Equity Ownership & Alignment
| Item | Amount | Notes |
|---|---|---|
| Beneficial Ownership (shares) | 14,354 (<1% of class) | Includes 532 deferred shares and 1,110 401(k) stock fund units; excludes unvested RSUs |
| Unvested RSUs (total) | 11,472 | Market/payout value $1,466,007 at $127.79 close (Dec 31, 2024) |
| Outstanding 2024 Grants | 2,176 perf RSUs; 1,088 time RSUs | Perf vest after 3-year performance; time-based cliff on Dec 31, 2026 |
| Outstanding 2023 Grants | 2,923 perf RSUs; 1,462 time RSUs | Perf vest after performance; time-based cliff on Dec 31, 2025 |
| Options | None outstanding | Company notes no option awards outstanding for NEOs |
| Ownership Guidelines | 3× salary for officers; Hofstetter compliant | Includes stock, eligible retirement holdings, and unvested time-based RSUs |
| Hedging/Pledging | Hedging and short sales prohibited; pledging not disclosed | Insider trading policy includes blackout windows and preclearance |
Insider transactions relevant to selling pressure:
- Company repurchased 4,500 shares from Hofstetter at $155.71 (30-day average) on June 14, 2023 .
Employment Terms
| Term | Hofstetter / Company Policy |
|---|---|
| Employment agreement | At-will; no individual employment, severance, or change-in-control agreements for NEOs |
| Change-in-control (CIC) treatment (equity) | Time-based RSUs fully vest to maximum; performance RSUs vest and pay at end of performance period based on achievement; options (if any) become fully exercisable |
| CIC value (Dec 31, 2024) | $1,466,007 for Hofstetter’s stock awards (assumes maximum) |
| Clawback policy | Recoup incentive compensation for 3 years preceding a required accounting restatement per NASDAQ rules (adopted Aug 2023) |
| Bonus plan mechanics | Annual cash incentive tied to ROE (3%–11% scale; target 7%); Hofstetter max bonus = 85% of salary |
| Tax gross-ups | Tax gross-up on SERP contributions (e.g., $3,617 in 2024) |
Compensation Structure Analysis
- Mix and risk: Hofstetter’s annual bonus is fully performance-based on ROE; long-term equity is majority performance RSUs (two-thirds) with the remainder time-based for retention .
- Target changes (ease vs difficulty): For 2024 grants, performance thresholds were set lower (pre-tax income up to 0% and sales up to 2%) reflecting anticipated demand decline after strong 2023—making targets easier relative to prior cycles (e.g., 2023 targets of 6%/9% and 2022 targets of 7%/7%) .

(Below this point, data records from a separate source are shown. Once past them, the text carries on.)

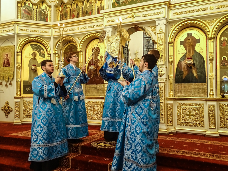 Его Преосвященству сослужили: секретарь Норильской епархии иеромонах Герман (Мельников); благочинный Норильского округа протоиерей Владимир Иванов; штатный клир собора.
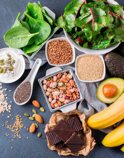 La mayor parte del magnesio podemos obtenerla de alimentos ricos en clorofila: hortalizas, frutos secos (nueces, anacardos, almendras), leguminosas (productos con soja), cereales (arroz integral, mijo). Aunque también está disponible en:
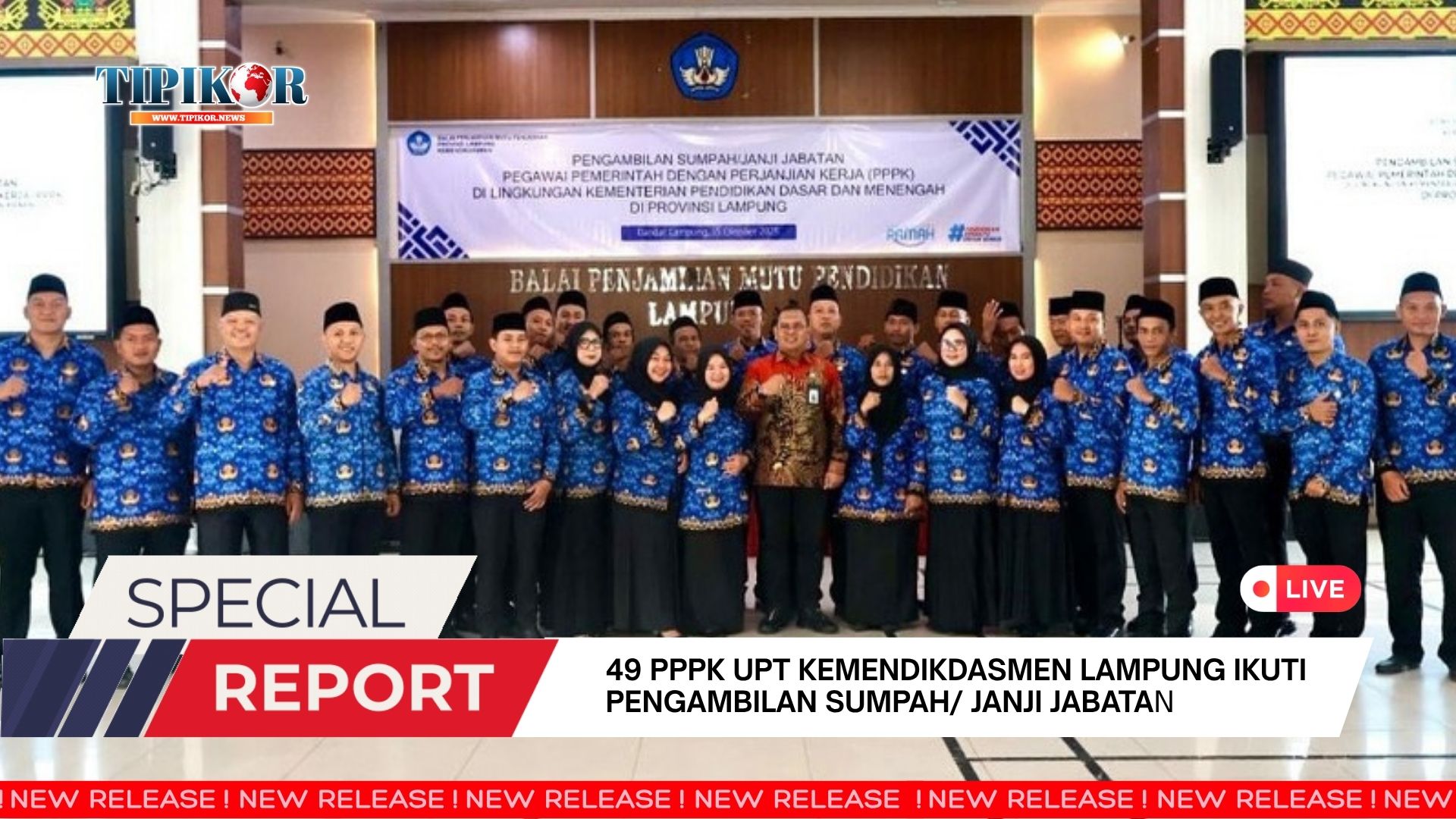 Bandar Lampung, Tipikor.news – Sebanyak 49 Pegawai Pemerintah dengan Perjanjian Kerja (PPPK) di lingkungan Unit Pelaksana Teknis (UPT) Kementerian Pendidikan Dasar dan Menengah (Kemendikdasmen) Provinsi Lampung mengikuti acara Pengambilan Sumpah/Janji Jabatan PPPK yang berlangsung di Aula BPMP Provinsi Lampung pada Rabu, 15 Oktober 2025.

- Say-on-pay: Strong shareholder support—over 97% approval in 2023; frequency set to every three years .
Say-on-Pay & Shareholder Feedback
- 2023 say-on-pay result: >97% support .
- Frequency: Shareholders approved say-on-pay every three years .
Compensation Peer Group (Benchmarking)
- 2024: Willis Towers Watson survey—manufacturing peers with revenue $500M–$1B; officers’ total compensation aligned near median depending on payout .
- 2023: Willis Towers Watson survey—manufacturing companies with 1,000–4,999 employees; base salaries near median .
- 2022: Willis Towers Watson survey—manufacturers of durable goods with 1,000–4,999 employees; base salaries near median .
Performance & Track Record (Company Context)
| Year | TSR (Value of $100) | Net Income ($000) | ROE |
|---|---|---|---|
| 2024 | $222.39 | $37,111 | 12.3% |
| 2023 | $231.46 | $63,332 | 20.8% |
| 2022 | $143.07 | $54,395 | 21.0% |
Investment Implications
- Pay-for-performance linkage is strong: annual ROE-driven bonus and majority performance RSUs align compensation with profitability and growth; Hofstetter’s actual bonus paid at 85% of salary in 2023–2024 reflects high ROE delivery .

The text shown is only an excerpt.